The presence of a high number of amino acid residues (583) influences the BSA features, which allow interactions with drugs or bioactive compounds with broadly differing properties (anionic or cationic, hydrophobic or hydrophilic, etc.). The protein presents an oblate shape, consisting of domains I, II, and III (Scheme 1), stabilized by disulfide bonds. Its structure incorporates 35 Cys residues forming 17 intramolecular disulfide connections and 1 free -SH group. The disulfide bridges located in relatively close proximity create short loops in the structure. Thus, pure BSA is composed of 67% α-helices and β-sheets, 10% β-turns, and 23% random structures [53]. BSA presents secondary and tertiary structures that are sensitive to pH, temperature, and denaturing agents. Circular dichroism spectroscopy and conductive atomic force microscopy investigations have shown that primary and secondary BSA structure changed after binding drugs [26]. By using spectroscopy and molecular docking, it has been shown that GSH is able to spontaneously bind via hydrogen bonds to BSA amino acid residues localized at the site I in the sub-domain IIA (Scheme 1) through an enthalpy-driven process [54].

The pore size, determined as an average value of approx. 80 dimensions, ranges from 15.7 μm and 24.5 μm, depending on sample composition (Table 1). Generally, the low protein content does not significantly modify the pore dimensions of the PULL/PVA matrix. The increase in BSA concentration in the sample changes the hydrogel’s morphology.

Intermolecular interactions between -OH groups of polymers and the crystalline zones formed after applying successive freezing/thawing cycles act as network nodes. The amorphous domains consist of entangled polymer chains that create the connection between the pores in the physical network. A high content of BSA favors its association in clusters and aggregates in the amorphous region. This tendency disturbs the overall network structure which becomes weaker and the presence of rich protein domains determines a decrease of average pore size (samples 5 and 6) (Figure 1f,g,i). The hydrogel with 90% BSA exhibits a compact wall structure of pores with an average pore size of 24.5 μm (sample 7, Figure 1g).

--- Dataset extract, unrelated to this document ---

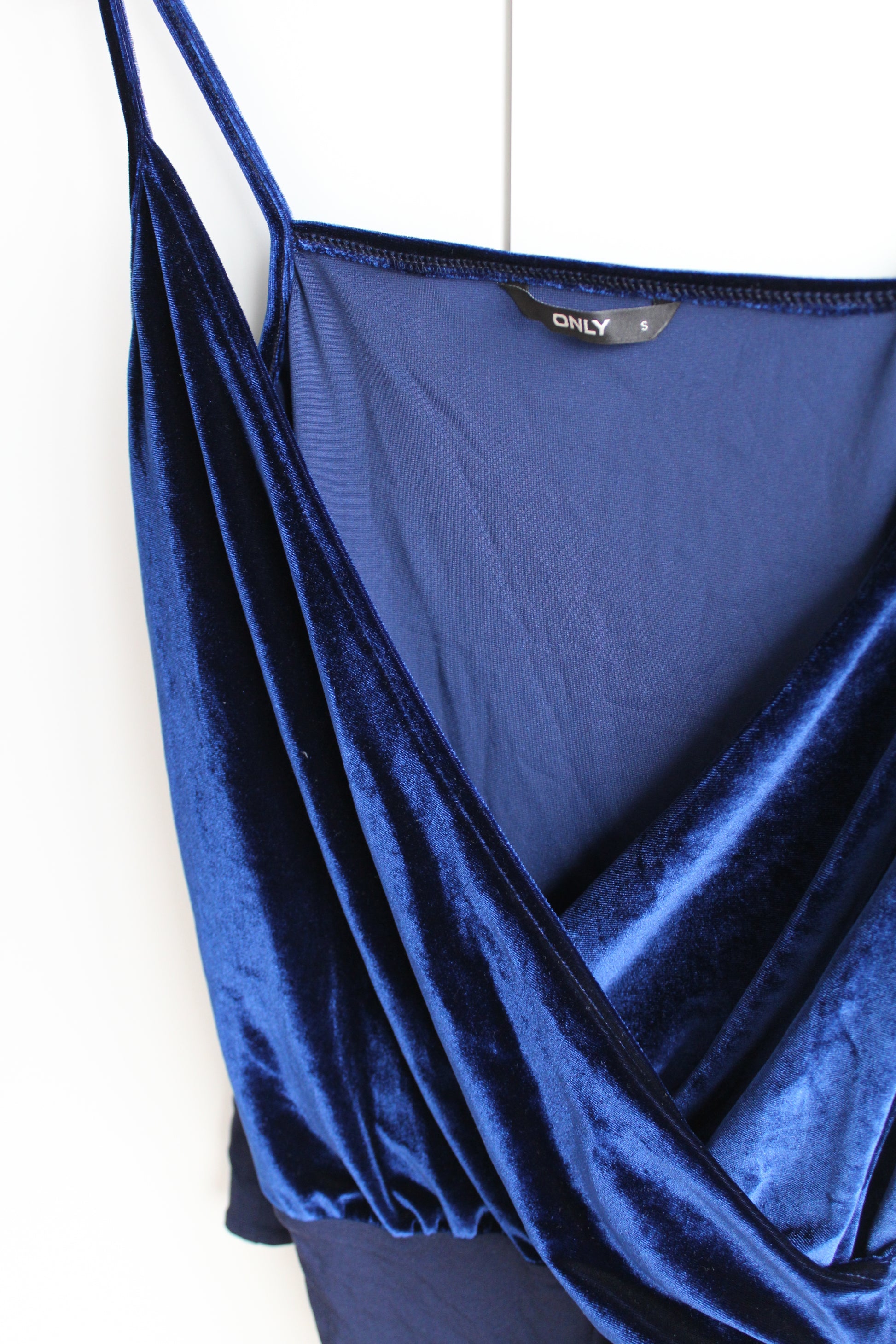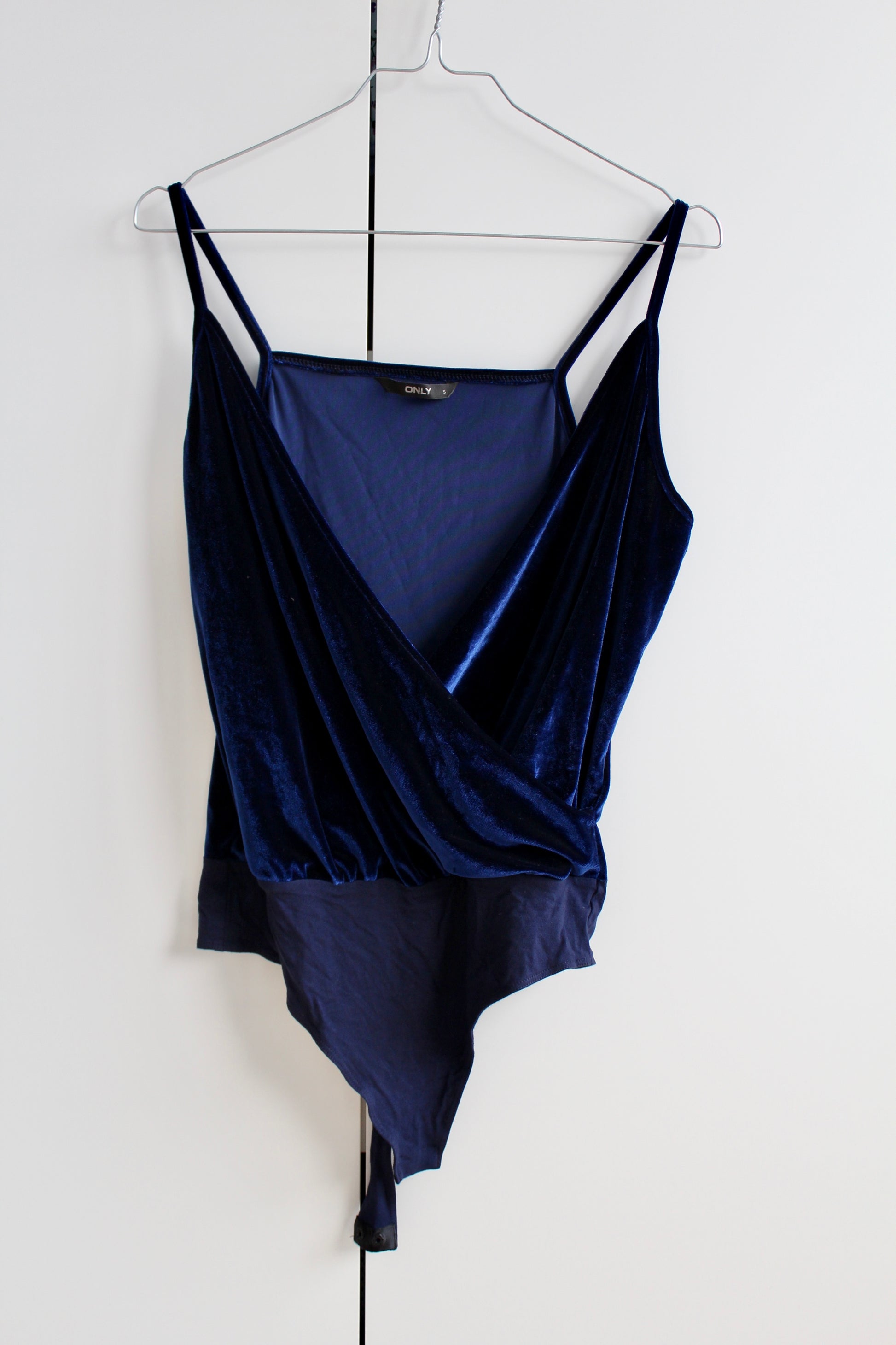 Smukkeste blå bodystocking i velourmateriale. Den er fra Only og er størrelse S ♡

In addition, for high BSA content, the protein can form large aggregates. As recently shown for another PVA-based system (PVA/HPC/BSA [19]), the hydrogels’ morphology can be tuned during their preparation by selecting the appropriate composition and carefully choosing the number of cycles during the freezing/thawing process.

In particular, sample 8 (containing 2% lysozyme) presented two types of pores: larger pores with an average size of 20.3 μm and smaller pores on the polymer matrix walls with an average size of 0.87 μm (Figure 1j). A possible explanation is the establishment of strong intermolecular bonds of lysozyme with the polymer matrix, influencing the structure and morphology of the network, with consequences for rheological behavior and drug delivery kinetics.

3.2. Infrared Spectroscopy of Hydrogels

3.2.1. Interactions in the Polymer Matrix in Absence and Presence of Proteins

The specificity of the BSA—polymer matrix interactions were investigated by infrared spectroscopy in ATR geometry. In the absence of BSA, the infrared spectrum of the PVA/PULL control hydrogel is almost identical to that of native PVA [15], having, in addition, the ν(C-OH)+ν(C-C-O) band of PULL at 1035 cm⁻¹. As presented in Figure 2a, the crystalline sensitive band ν(C-OH) of PVA was observed at 1144 cm⁻¹, suggesting that the intermolecular H-bonding between the PVA and PULL took place in the disordered regions.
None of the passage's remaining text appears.